A new ruling marks the first time an Ecuadorian court has ordered the return of land stolen from Indigenous people.

Siekopai people take part in an assembly representing the union of families during the second binational meeting of the Siekopai Nation community in the Amazon region in Lagartococha, Peru, on January 10, 2023.

Amazon defenders this week cheered what one group called “an invaluable precedent for all Indigenous peoples fighting to recover their lands” after an Ecuadorean appeals court ruled in favor of the Siekopai Nation’s ownership claim over its ancestral homeland.

The November 24 decision by a three-judge panel of the Sucumbios Provincial Court of Justice gives Ecuador’s Ministry of the Environment 45 days to hand over title to more than 104,000 acres of land along the country’s border with Peru.
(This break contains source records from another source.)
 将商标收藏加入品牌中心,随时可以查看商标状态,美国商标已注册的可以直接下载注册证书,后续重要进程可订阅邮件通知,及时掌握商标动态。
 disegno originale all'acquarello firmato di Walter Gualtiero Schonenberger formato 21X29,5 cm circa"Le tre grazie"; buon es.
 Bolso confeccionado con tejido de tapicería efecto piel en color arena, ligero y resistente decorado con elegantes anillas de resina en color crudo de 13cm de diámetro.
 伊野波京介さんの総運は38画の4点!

“Today is a great day for our nation,” Siokepai Nation President Elias Piyahuaje said following the ruling. “Until the end of time, this land will be ours.”

The Siekopai — who call their homeland Pë’këya — were forcibly displaced from the region, one of the most biodiverse on the planet, in 1941 during the first of three border wars between Peru and Ecuador. They were then prevented from returning home as the Ecuadorean government unilaterally claimed ownership of Pë’këya.
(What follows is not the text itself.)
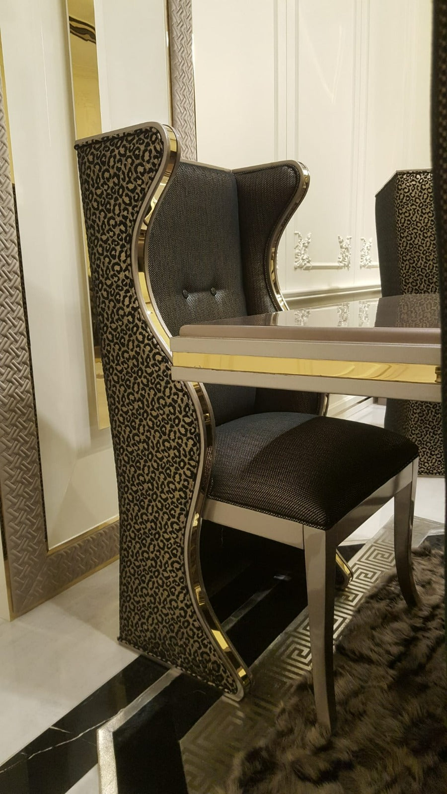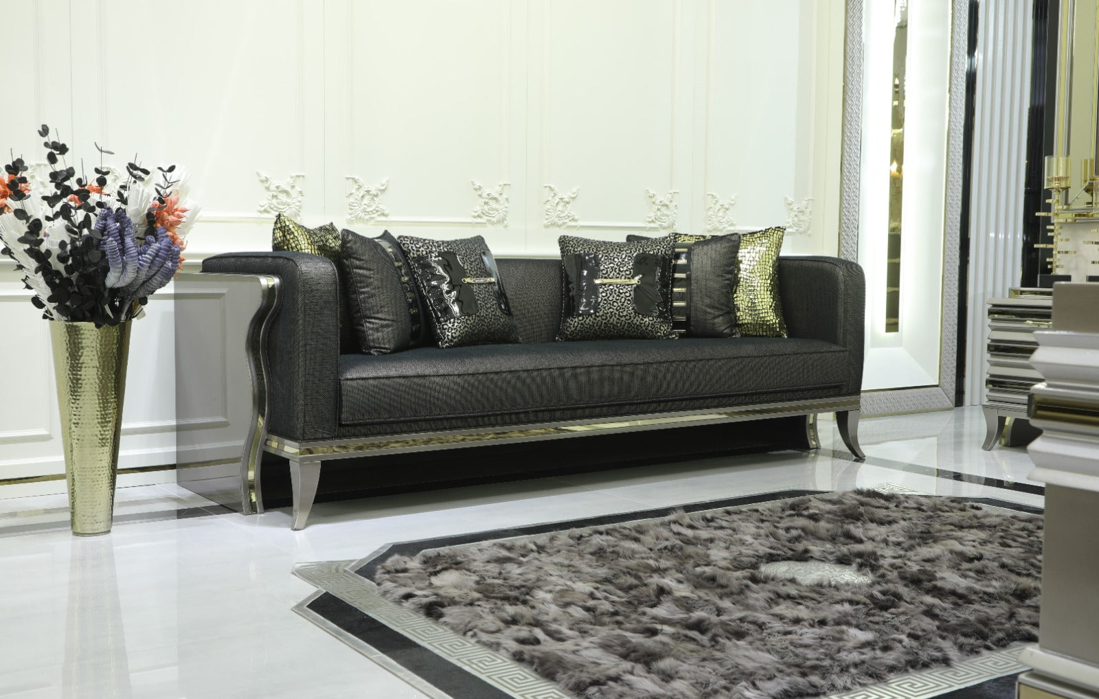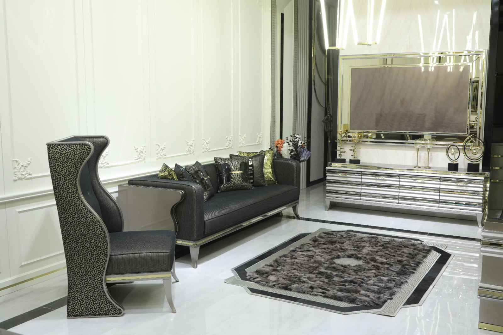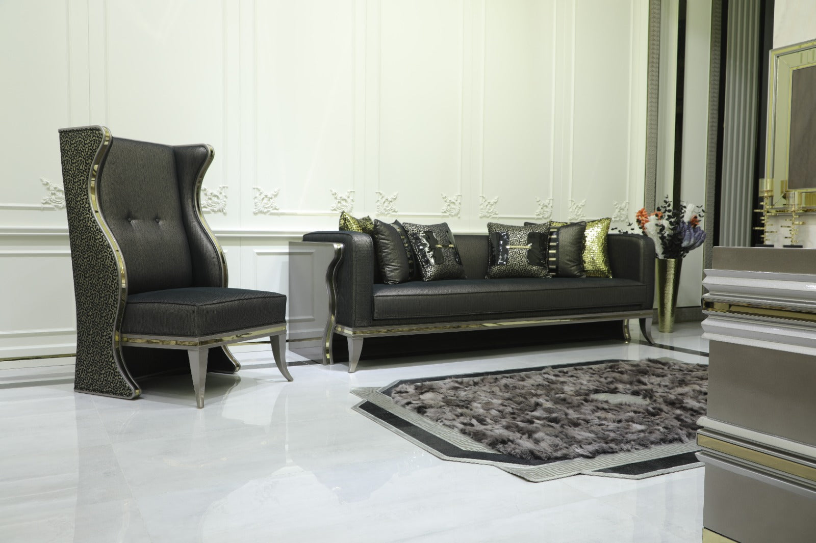 Delight in the opulence of your living space orchestrated by our G-LR Atlantis Living Room Settee. This masterpiece is a synthesis of stainless steel metal with titanium clay, giving it a modern and sleek finish. Crafted from first-class fabric and soft foam rubber, our seating offers unparalleled comfort. Notable features include decorative design cushions, and a cleanable soft fabric that ensures longevity. Emphasizing on the meticulous attention to detail is the well-crafted wood, touched with glossy special effect paint to accentuate its elegant appeal. The Settee is further characterized by a wood design realized through precision CNC techniques. The color, size, and fabric can be configured to your preference. The set embraces 2 inviting sofas, 2 armchairs, 2 stylish end tables, a coffee table, a console, 2 mirrors, a TV stand and wall unit, a dining table, and 6 elegant chairs, available in black with gold trim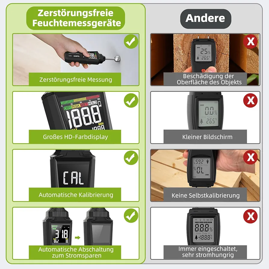 چوب، بتن، سیمان، گچ و کاشی. این دستگاه بدون آسیب رساندن، رطوبت را اندازهگیری میکند.

The ruling marks the first time that an Ecuadorean court has ordered the return of land stolen from Indigenous people.

Amazon Frontlines — a San Francisco-based advocacy group that helped the Siekopai with their case — explained:

With a population of barely 800 in Ecuador and 1,200 in Peru, the Siekopai are on the brink of cultural and physical extinction. On both sides of the border, the Siekopai are currently waging legal battles to recover more than a half-million acres of land that were stolen from their ancestors. The Siekopai’s court victory recognizing Pë’këyamarks a major stepping stone in this binational struggle for the reunification of their ancestral territory. After centuries of violence, racism, and conquest by colonizing missions, rubber corporations, and governments, the court’s recognition of the Siekopai as the owners of Pë’këya is an indispensable step towards restoring justice and guaranteeing their collective survival and the continuity of their culture.
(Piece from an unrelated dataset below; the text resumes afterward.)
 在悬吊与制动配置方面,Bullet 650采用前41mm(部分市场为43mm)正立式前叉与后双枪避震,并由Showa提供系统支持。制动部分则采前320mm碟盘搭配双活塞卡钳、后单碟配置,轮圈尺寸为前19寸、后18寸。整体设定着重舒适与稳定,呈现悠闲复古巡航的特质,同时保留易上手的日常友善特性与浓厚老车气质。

“For over 80 years, we have been fighting to get our land back,” Piyahuaje said. “Despite all the evidence regarding our land title claim — even historians testified that our ancestors dwelled in the area since the time of conquest — the Ecuadorian government failed to uphold our land rights time and time again.”

“We are fighting for the preservation of our culture on this planet. Without this territory, we cannot exist as Siekopai people,” he added.

Amazon Frontlines attorney Maria Espinosa said that “this victory has been decades in the making, it has been a very long struggle against the government.”

“Now, finally, the Siekopai’s dream of recovering their ancestral territory has been achieved,” Espinosa added. “This groundbreaking precedent paves the way for other Indigenous communities who dream of recovering their territories within protected areas.”